We traverse every node, and check if the subtree of the current node contains 1. If not, we prune the subtree.
fun pruneTree(root: TreeNode?): TreeNode? {
if (root == null) return null
if (!contains1(root)) return null
root.left = pruneTree(root.left)
root.right = pruneTree(root.right)
return root
}
private fun contains1(root: TreeNode?): Boolean {
if (root == null) return false
if (root.`val` == 1) return true
return contains1(root.left) || contains1(root.right)
}- Time Complexity:
O(n^2), we traverse every node and check if the subtree contains 1. - Space Complexity:
O(h).
We should prune from bottom to up, if the current root is leaf and its value is 0, we should prune it. (It may not be leaf at the beginning, but it becomes leaf after pruning its children.)
We prune the subtree first, then check if root is 0 and both subtrees are null. The subtree becomes null if it doesn't contain 1, otherwise it's non-null what was not pruned.
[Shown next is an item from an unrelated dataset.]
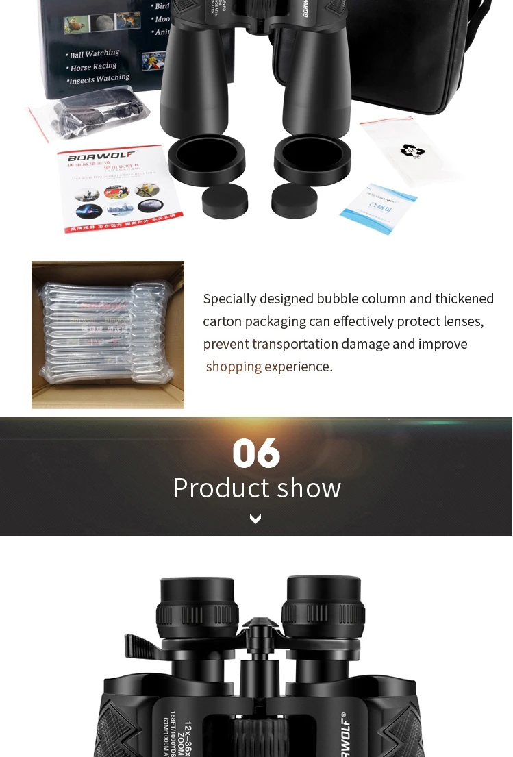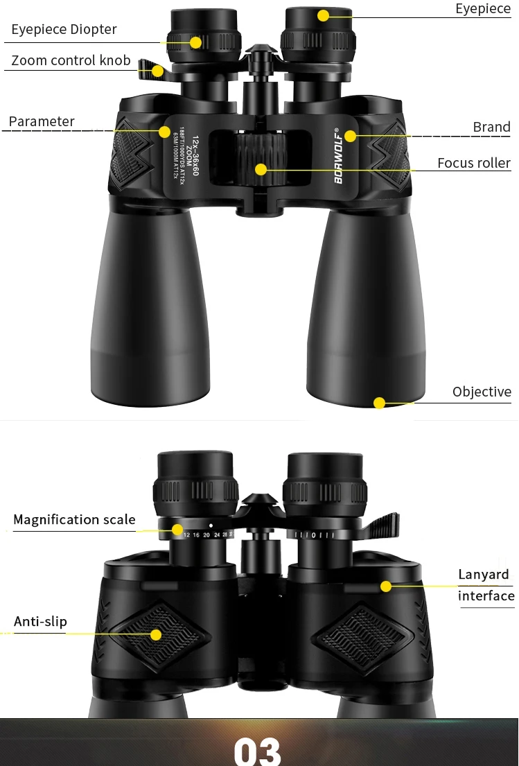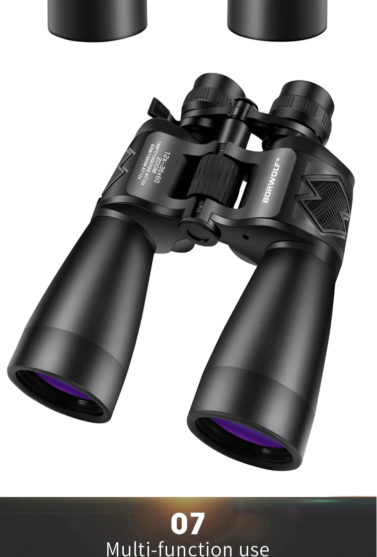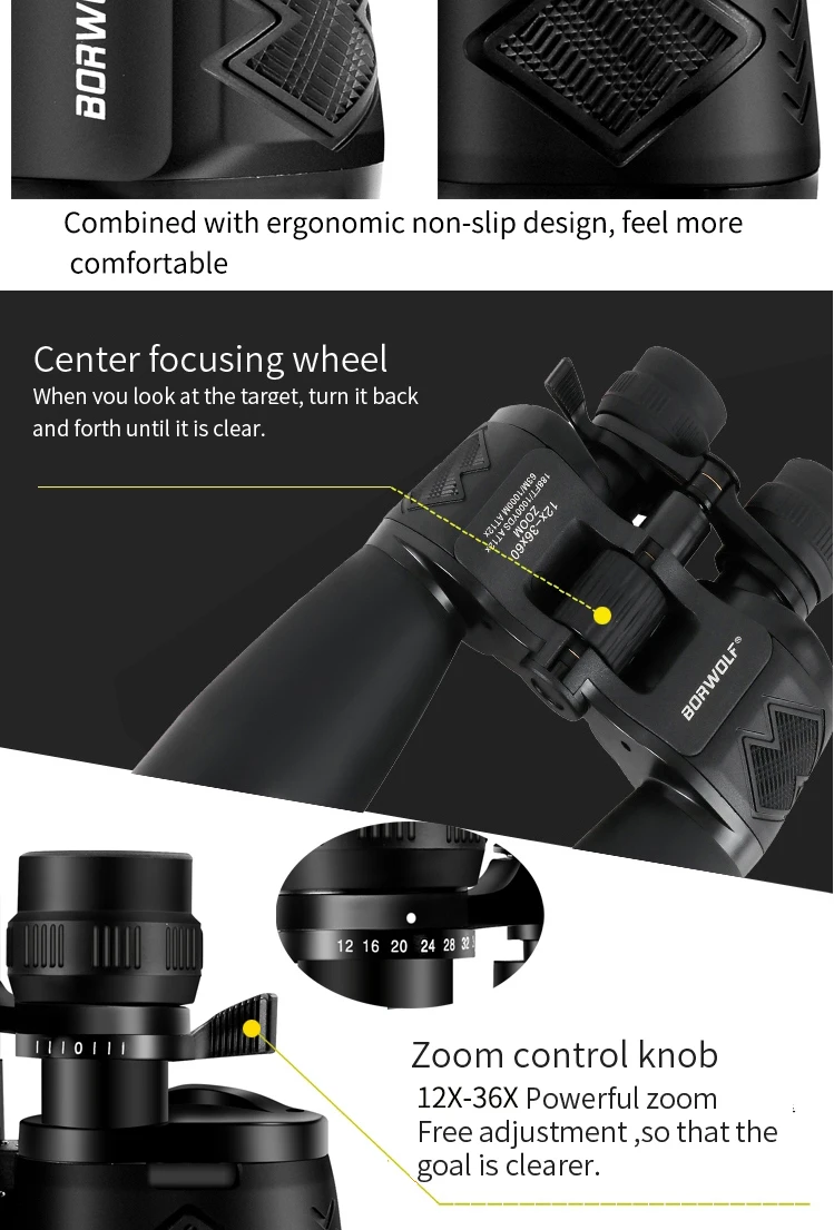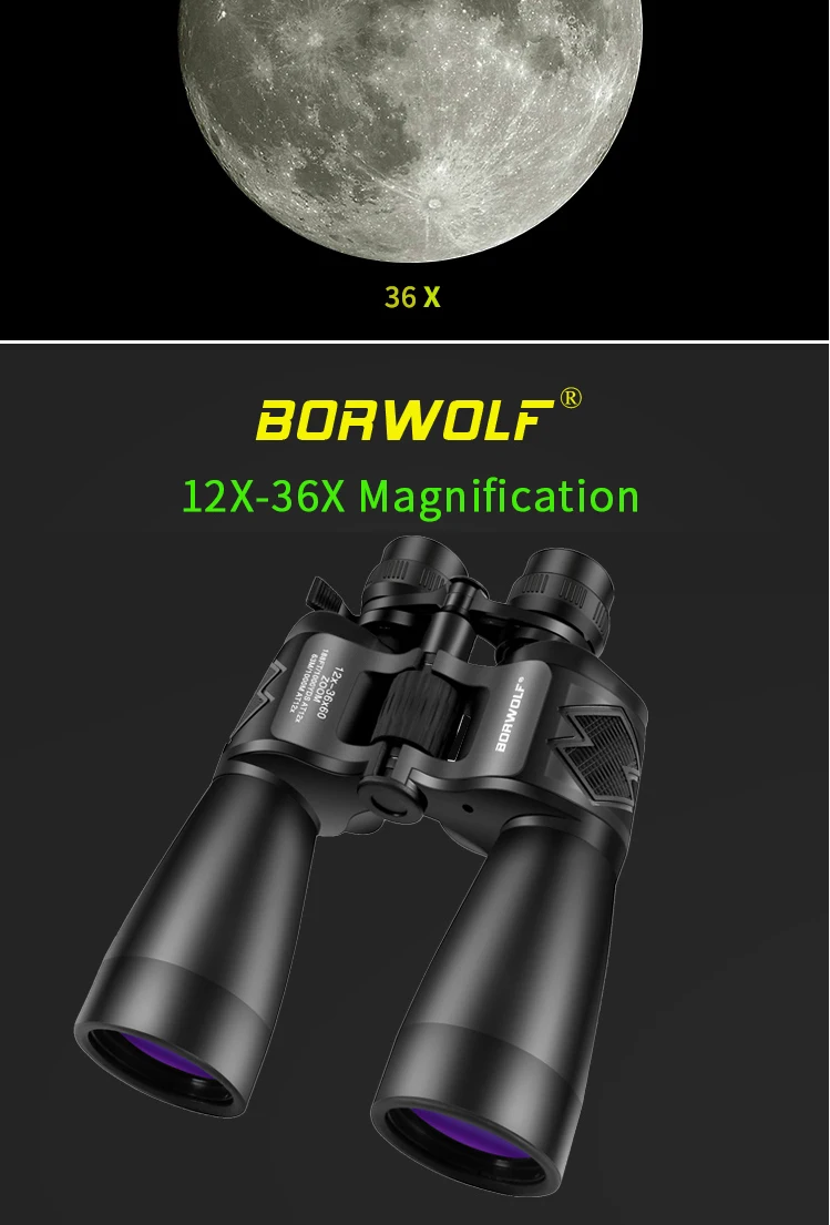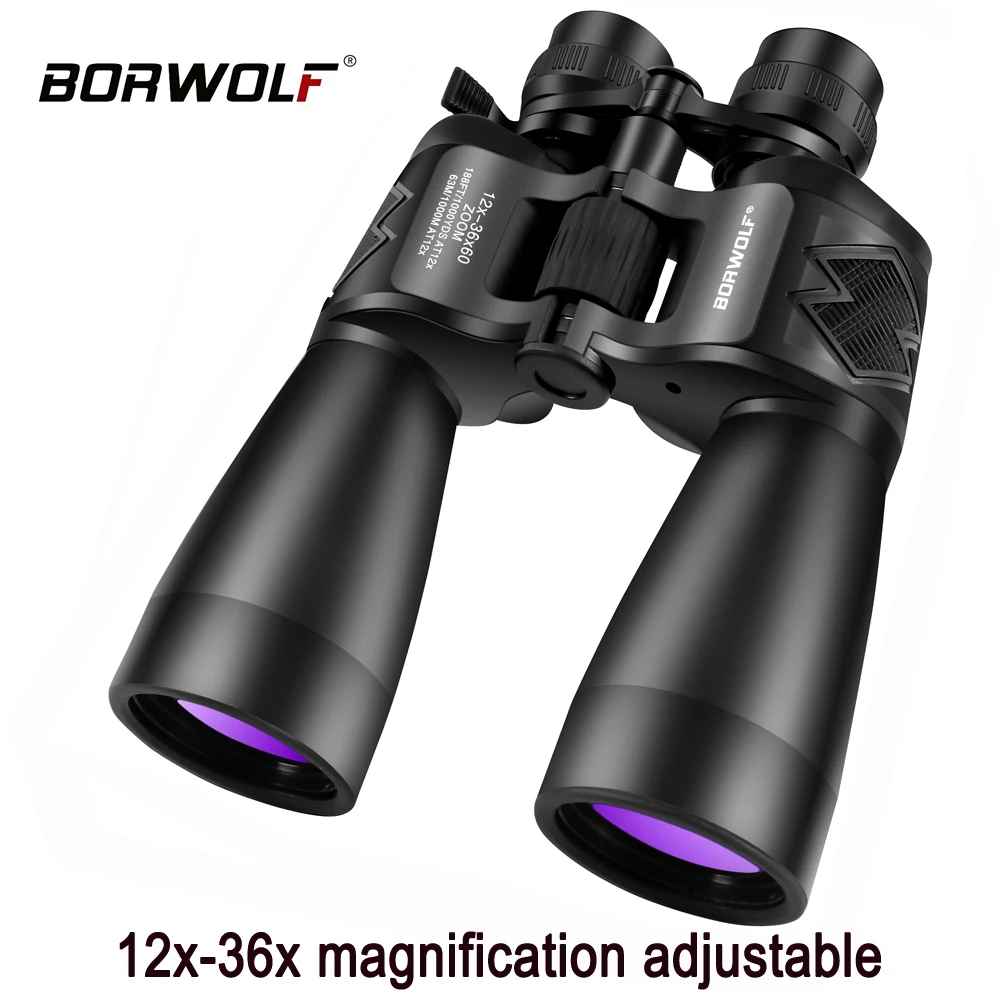 Borwolf 12-36X60 Binoculares potentes Gafas de campo con zoom Gran telescopio de mano para observación de aves

So we prune the subtree first.
fun pruneTree(root: TreeNode?): TreeNode? {
if (root == null) return null
root.left = pruneTree(root.left)
root.right = pruneTree(root.right)
if (root.`val` != 1 && root.left == null && root.right == null) return null
return root
}- Time Complexity:
O(n), we traverse every node once. - Space Complexity:
O(h).